The Evolution of Language and Two Models of Linguistic Communication
Coded communication functions best when interlocutors share exactly the same code. Any difference between the communicator’s code and that of the hearer is, on the other hand, a source of possible error in the communication process. Under these conditions, a mutation affecting an individual’s language faculty places her at the risk of internalizing a code that is different from that of her conspecifics on the basis of the same linguistic data. This mismatch of codes would be detrimental to the individual’s ability to communicate. It would be counter-adaptive.
More generally, since a code must be shared by a population in order to be advantageous, evolution cannot easily “experiment” with modifications whose anyhow low chance of being advantageous could not verified until the modification was sufficiently widespread. The most plausible modifications are additions of new signals to the code (for example, a signal of alarm for a new species of predators in the environment)—additions that do not modify the structure of the pre-existing code. The very modest size of codes in animal communication suggests that these additions are themselves quite rare. Indeed, animal communication codes which, unlike human languages, really function according to the code model, are typically small and highly stable within a given species. The great majority of them involve no learning, and when learning is involved, as in the case of songbirds, it usually concerns only a single signal that must be learned since it serves for distinguishing between local populations of the same species.
In the case of inferential communication, the situation is quite different. The success of inferential communication does not require that the communicator and the audience have the same semantic representation of the utterance. It suffices that the utterance, however they may represent it, be seen as evidence for the same conclusion. Take, for example, the following trivial dialogue:
Pierre: I’m beat!
Marie: Ok, let’s go back home.
It is of little importance whether the meaning that Pierre and Marie associate with the word “beat” is the same. It may be that, for Pierre, “beat” means an extreme fatigue, while for Marie, “beat” is simply a synonym of “tired”. In any event, Pierre says, “I’m beat,” not in order to indicate a degree of fatigue that this term might encode, but in order to indicate contextually both his wish to return home and the reason for it, namely his fatigue. The level of fatigue that may justify one’s desire to return home depends on the situation: it is not the same at a party among friends, while taking a stroll, or at work. In Pierre’s utterance, then, “beat” indicates the level of fatigue which, in the situation of the utterance, is relevant in that it justifies Pierre’s wish.
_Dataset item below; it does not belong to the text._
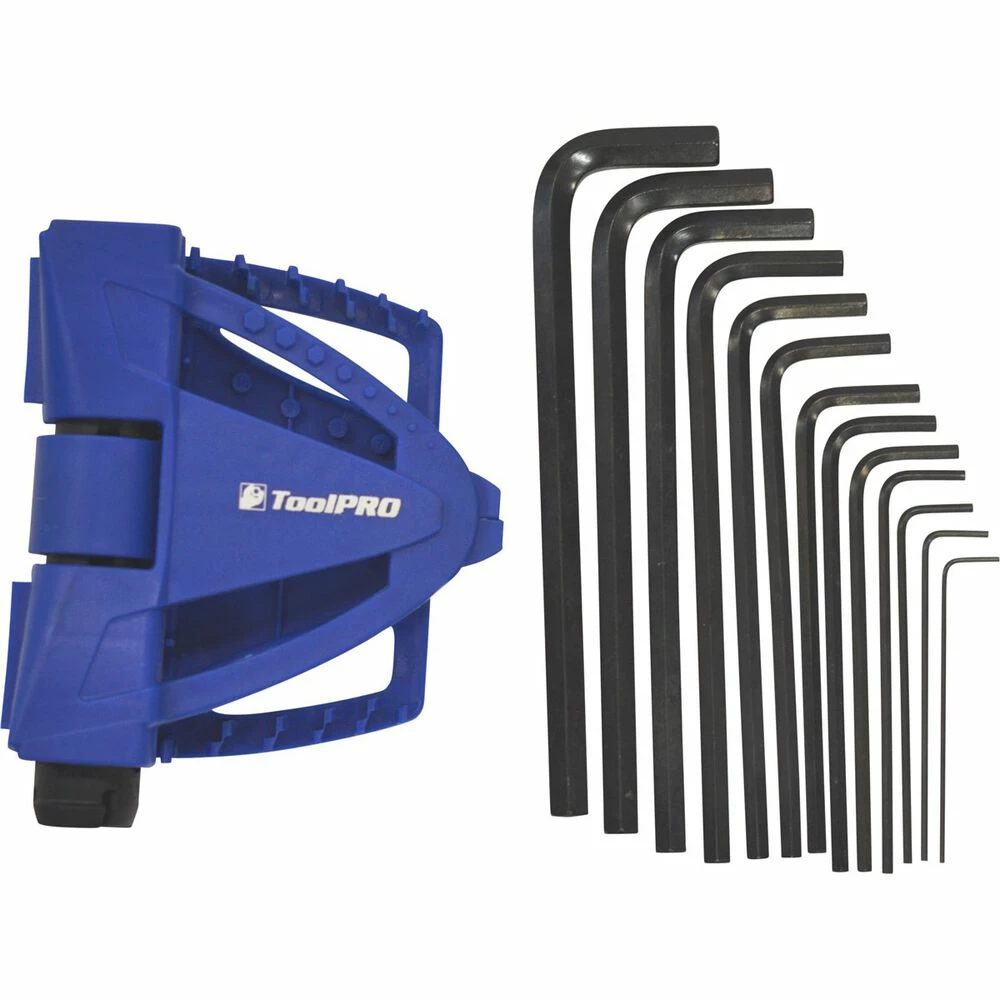 Equipped with a T-handle and 13 pieces, this ToolPro Metric Hex Key Set comes very compact for easy storage and transportability. Although the set is housed in a plastic casing, all pieces are coated in black oxide to provide maximum corrosion resistance, and chrome vanadium steel to ensure strength and durability. The set includes a removable T-handle and the following 13 metric sized pieces: 1.5, 2, 2.5, 3, 4, 4.5, 5, 5.5, 6, 7, 8, 9 and 10mm. The case is designed to lock all pieces in securely and has all sizes listed for easy locating.

It is not necessary that the codes between interlocutors be identical; nor is it sufficient. Consider the following dialogue:
Pierre: Can you fix my watch?
Watchmaker: That will take some time.
The semantics of “will take some time” is trivial (or in any case, let us suppose that it is, and in the same manner, for Pierre and the watchmaker): everything that has non-zero duration takes time. Yet, in uttering this truism, the watchmaker sets Pierre along the way to a relevant interpretation. It is indeed a matter of time, and repairing the watch will take a certain amount of time to which it is relevant to draw Pierre’s attention. If Pierre expects that the time for repair will be at least one week, he will understand “It will take some time” as meaning that the repair will take several weeks. If the watchmaker, for his part, thinks that Pierre expects the repair to be done the same day, he will express himself as he did in order to say that the repair will be a matter of days rather than hours. That the words “to take”, “some” and “time” have the same meaning in their lexicon does not protect them from the possibility of misunderstanding.
According to the inferential model, the near identity of the interlocutors’ codes is not necessary in order for them to best communicate. In these conditions, a mutation affecting the language faculty and causing the mutant’s grammar to diverge from that of her interlocutors is not necessarily detrimental to her ability to communicate. As we will now show, such a mutation may even be advantageous.
In particular, a language faculty leading to the internalization of a grammar that attributes more structure to utterances than they superficially realize (one that, for example, projects onto them unexpressed constituents) could facilitate inferential comprehension.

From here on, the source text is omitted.